Let me also add this is a sub-optimal tuning. I am letting Crafty split everywhere in the search, with the usual min split depth set to zero, so the real search will widen less. A quick test suggested a 2 Elo change, 2602 vs 2598.

I ran another test as this represents something someone might do in a parallel search. In Crafty, when I split, a fail high at a split point instantly terminates all threads helping at that point or deeper in the same sub-tree (split here and results farther down one of the branches from this point). I disabled this, which means that every split has to complete normally, whether there is a fail high or not. This definitely widens the tree by a slight amount. But the Elo effect is almost nil. In a real search it would make a difference, since waiting on everything to finish after a fail high simply wastes time and slows the search down. But here, time doesn't matter (fixed depth search limit).

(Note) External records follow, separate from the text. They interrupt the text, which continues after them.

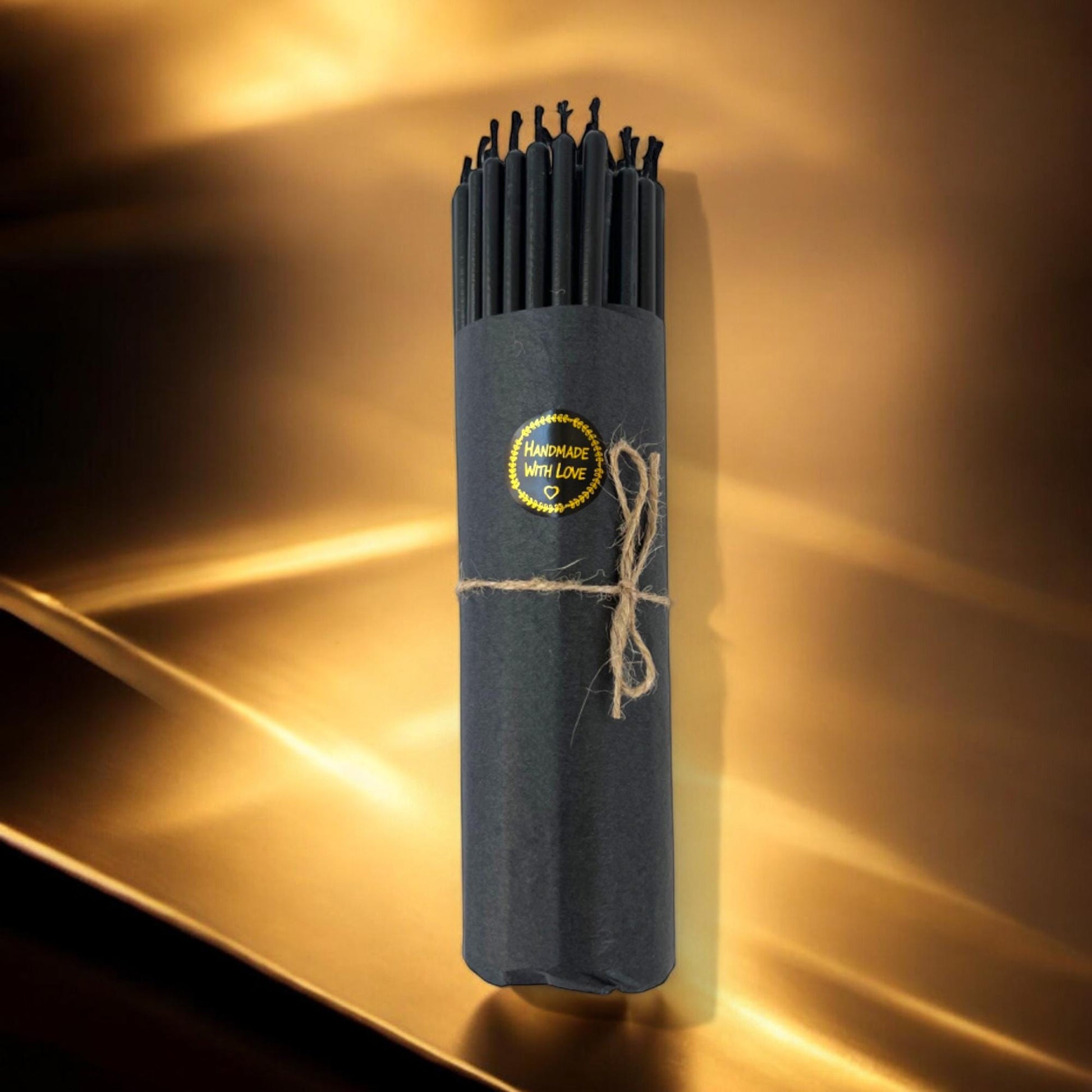 Unique slim black candles with black cotton wicks, handcrafted in limited quantities from 100% pure beeswax sourced from local Texas apiaries. Free from additives and artificial fragrance, they burn cleanly and evenly with a subtle, natural honey aroma.
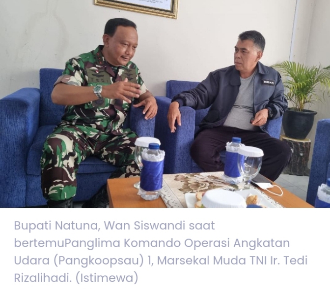 Saat orang nomor satu di Kabupaten Natuna tersebut berjumpa Panglima Komando Operasi Angkatan Udara (Pangkoopsau) 1, Marsekal Muda TNI Ir. Tedi Rizalihadi, Wan Siswandi menyampaikan keinginan tersebut di Ruang VIP Lanud Raden Sadjad, Ranai, Jumat 25 Maret 2022.
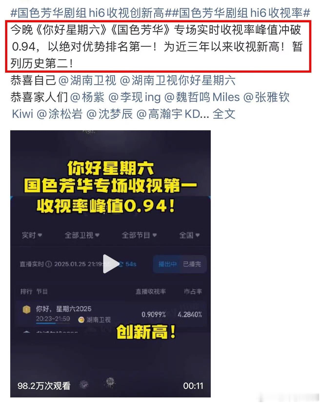 杨紫《国色芳华》hi6剧宣原来是芒果历史第二,不仅是2025第一也是所有剧宣中收视率第一,近三年收视新高
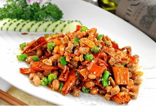 半个时辰,伙计将牛肉、佐酒菜肴陆续端上来。稍后一大盆兔肉上来便立即吸引了大家,只见油色红亮,肉块指头大小,金黄略白的肉丁多数带骨浸泡在红亮的汤汁中,肉和汤上有一些芝麻,红艳的辣椒平添几分温度。盆中点缀的几片翠绿香菜。香气透过腾起的热雾沁入心扉,让人垂涎欲滴,饥肠辘辘。崔玉贵挑一块肉丁放入口中,顿觉微辣还略烫又不失鲜麻,口舌生香,那不带骨头的肉绵而不柴,带骨的肉细滑而脱骨,那肉质也十分鲜嫩爽口。众人吃得甚是欢畅,崔玉贵满足地翘着兰花指品着茶,感觉嘴皮因麻辣而还在轻微跳动。凭窗眺望江面夜色,渔火盏盏,码头千帆齐聚,灯火辉煌。吹着沿山而上的江风,顿觉惬意,一路的劳顿一扫而空。

Just for fun, I repeated with null-move disabled. Since this is still to a fixed depth, I thought it would be interesting to see what effect this might have as this will definitely widen the tree with no apparent cost thanks to sd=10... This was a bit more interesting in that it resulted in a 2622-2578 (+44 Elo!) change. Of course we know null-move makes mistakes, but to compensate for those mistakes we get a significantly deeper search with more than compensates. Previous tests with Crafty showed removing null-move was an 80 Elo loss, which means that overall it is a 120 Elo gain due to extra depth and a 40 elo loss due to zugzwang/reduced depth errors.

Previous tests also showed that removing LMR by itself was about the same Elo loss, which means that in the above testing, it would likely produce about the same result as null-move removal.

It seems there are roughly four ways to "widen" realistically.

(1) search overhead caused by choosing poor split points and/or failing to stop/recover quickly when an unwanted fail-high occurs at a split point.

(2) back off on null-move reductions which will increase the size of the tree.

(3) back off on LMR reductions ditto.

(4) limit forward pruning (futility/LMP/etc) by increasing the margins, which again will make the tree larger and the depth lower.

I'm calling this test done (note that removing null-move greatly increases the length of the test games since sd=10 now takes a lot longer for one opponent.)

Next step is to re-run the parallel search tests. I don't expect major changes, but the results will tell the tale...
Would be curious now to see the speedup numbers with the new Crafty 25. I guess time-to-depth (TTD) speedup will go down a bit. Effective speedup in the narrowing Crafty 25 is maybe 5% smaller than TTD speedup, while in the corrected, a little bit widening Crafty 25, effective speedup is maybe 5% higher than TTD speedup. All in all, the corrected Crafty will probably gain on multicore several ELO points compared to the buggy one.

I will rerun those soon. But I am still a bit puzzled by some of the marked node count reductions, so I am "fine-toothing" it to make sure there are no oddities that only tend to show up on extreme architectures like the 20 core box. I started a test run last night but mother nature aborted it with a huge electrical storm. Will try again tonight just to get a "benchmark" with the current code...

bob · Post by **bob** » Fri Jul 03, 2015 8:03 am

I found what one might call a bug, or a design flaw. Very subtle. Moves are "LMR'ed" based on the order they are searched. But with a parallel search, order becomes less relevant. I have been chasing one issue that I had not expected, namely splitting at the root. That can shift the order of the moves a lot, which is not what I had intended. So I have spent two days working on a solution to guarantee that moves at a ply are at least given the same order "number" so that they will be reduced by the same amount whether at a split ply or a normal ply.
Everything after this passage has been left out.